When the election results then turned decisively in Biden’s favor, there were no surprises that Trump did everything he could to reverse it. First, he repeated an accusation he had made even before the first ballots were cast: that the election was rigged against him. He then summoned his followers to protest in his support. And thousands turned out in Washington to do exactly that.
He then filed a flood of lawsuits to challenge the decisive state results Biden won. He claimed that fraudulent voting and that mail ballots and extended counting were illegal. Trump wanted the courts to invalidate the accommodations that states made to address the pandemic requirement. He knew full well that mail-in ballots greatly favored Biden because Democrats, eager to defeat him, seized the first opportunity to vote. While ballots were read automatically on computers, ballots sent by mail had to be processed manually.
Unfortunately for Trump, the justices were able to see through the political machinations.

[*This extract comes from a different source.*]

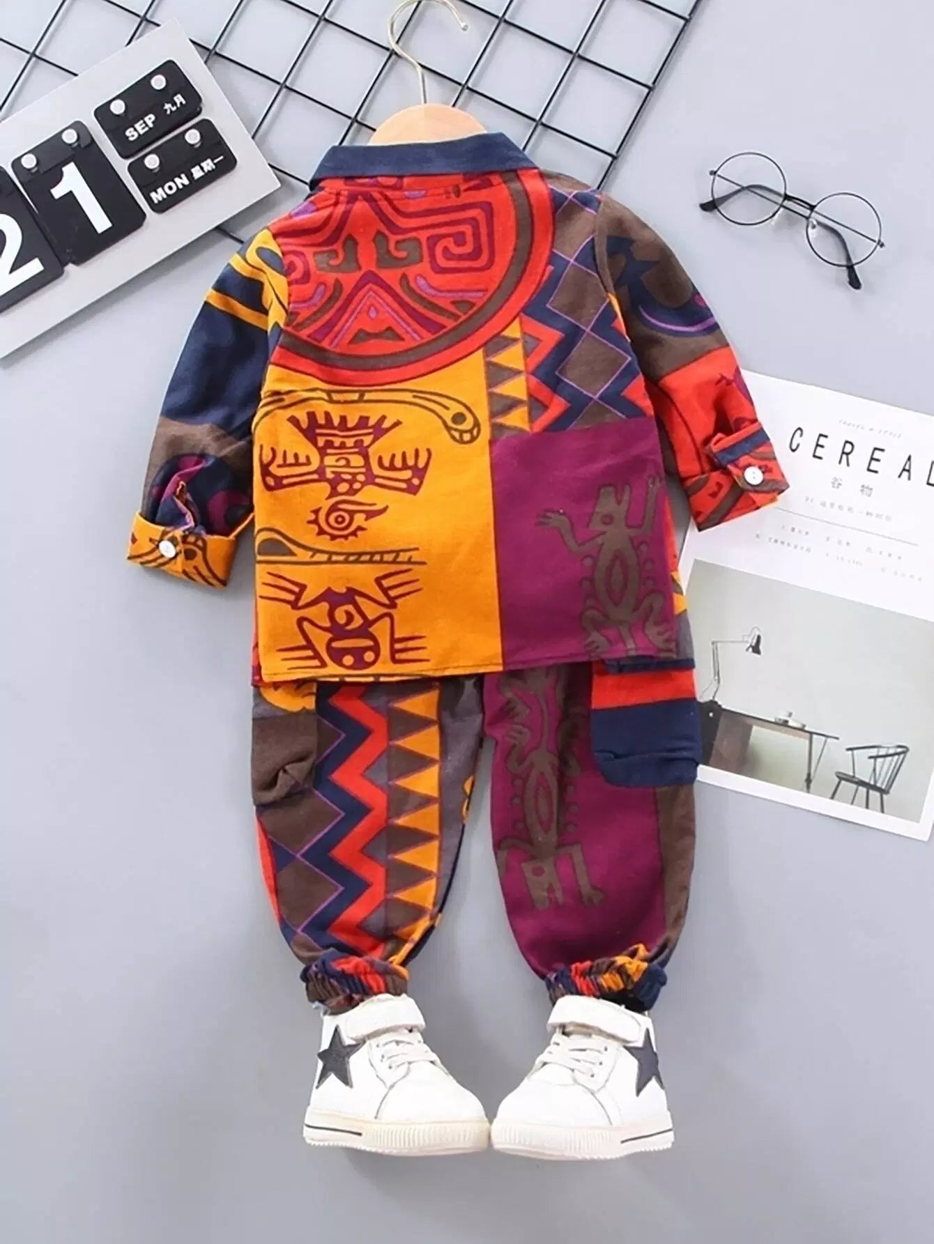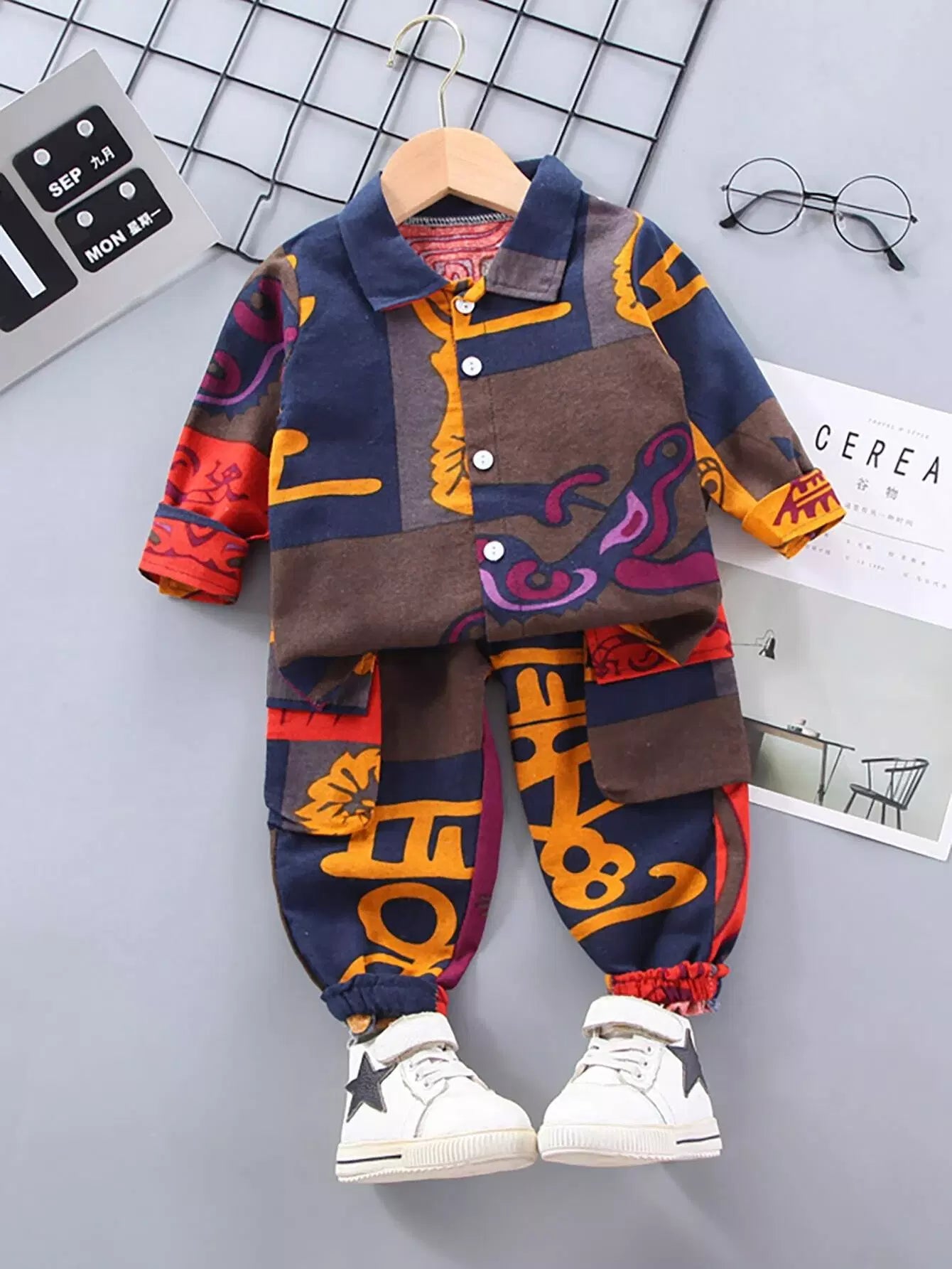 قميص بطبعة جرافيك للأولاد الصغار وبنطال بجيب قابل للطي

Then, in state after state, judges ruled against him, often with a harsh reprimand for attempting to subvert the electoral process. One of the harshest rulings was that of a Pennsylvania federal judge, known for leaning toward Trump’s Republican Party ideology.
“This court has been presented with tense legal arguments without merit and speculative accusations, without presenting in the operative complaint and without supporting evidence,” Judge Matthew Brann ruled on one of Trump’s cases. “In the United States of America, this cannot justify the disenfranchisement of a single voter, let alone all voters in its sixth most populous state. Our people, laws and institutions demand more ”.
Trump’s next move was to directly pressure state officials to cast unfavorable ballots. In one case, one of his allies, a powerful Republican senator representing South Carolina, called the top election official in another state, Georgia, to pressure him to discard those ballots. Although he was a fellow Republican, the Georgia official rejected the senator and made the matter public. For him, the sanctity of the democratic process prevailed over loyalty to the party.
And then Trump’s ultimate and most dangerous move was attempting to manipulate ballots at the college level. As readers of this column are likely to know, presidents of the United States are not directly elected by popular vote. Rather, each state is assigned a number of “Electoral College” votes in rough proportion to its population. And in most cases, the winner of that state gets all the votes from the Electoral College. The president is formally elected when states send delegates to the Electoral College to cast allotted votes.
This is usually a formality, but Trump tried to manipulate it. His plan was to persuade Republican-controlled state legislators in the states he lost to send delegates who would vote for him against the rule. To press the case, he invited those Michigan lawmakers to the White House. Although two accepted the invitation, they returned to Michigan promising to remain faithful to the will of the electorate.
You must have noticed both structural and stock elements in this process. The structuralists would aim at the independence of the states, their electoral units and the judiciary. They would also note the transparency factor in the voting and counting processes, realities that make unfounded accusations difficult to sustain, even by a determined president.
But then, value theorists would note that all this would be meaningless without people committed to the principles of democracy. Republican judges, legislators and election officials stood firm against their party’s candidate.
Obviously, structures and values must work together to have a lasting and healthy democracy. Trump’s maneuvers did not scare anyone because there are enough of both factors in the United States.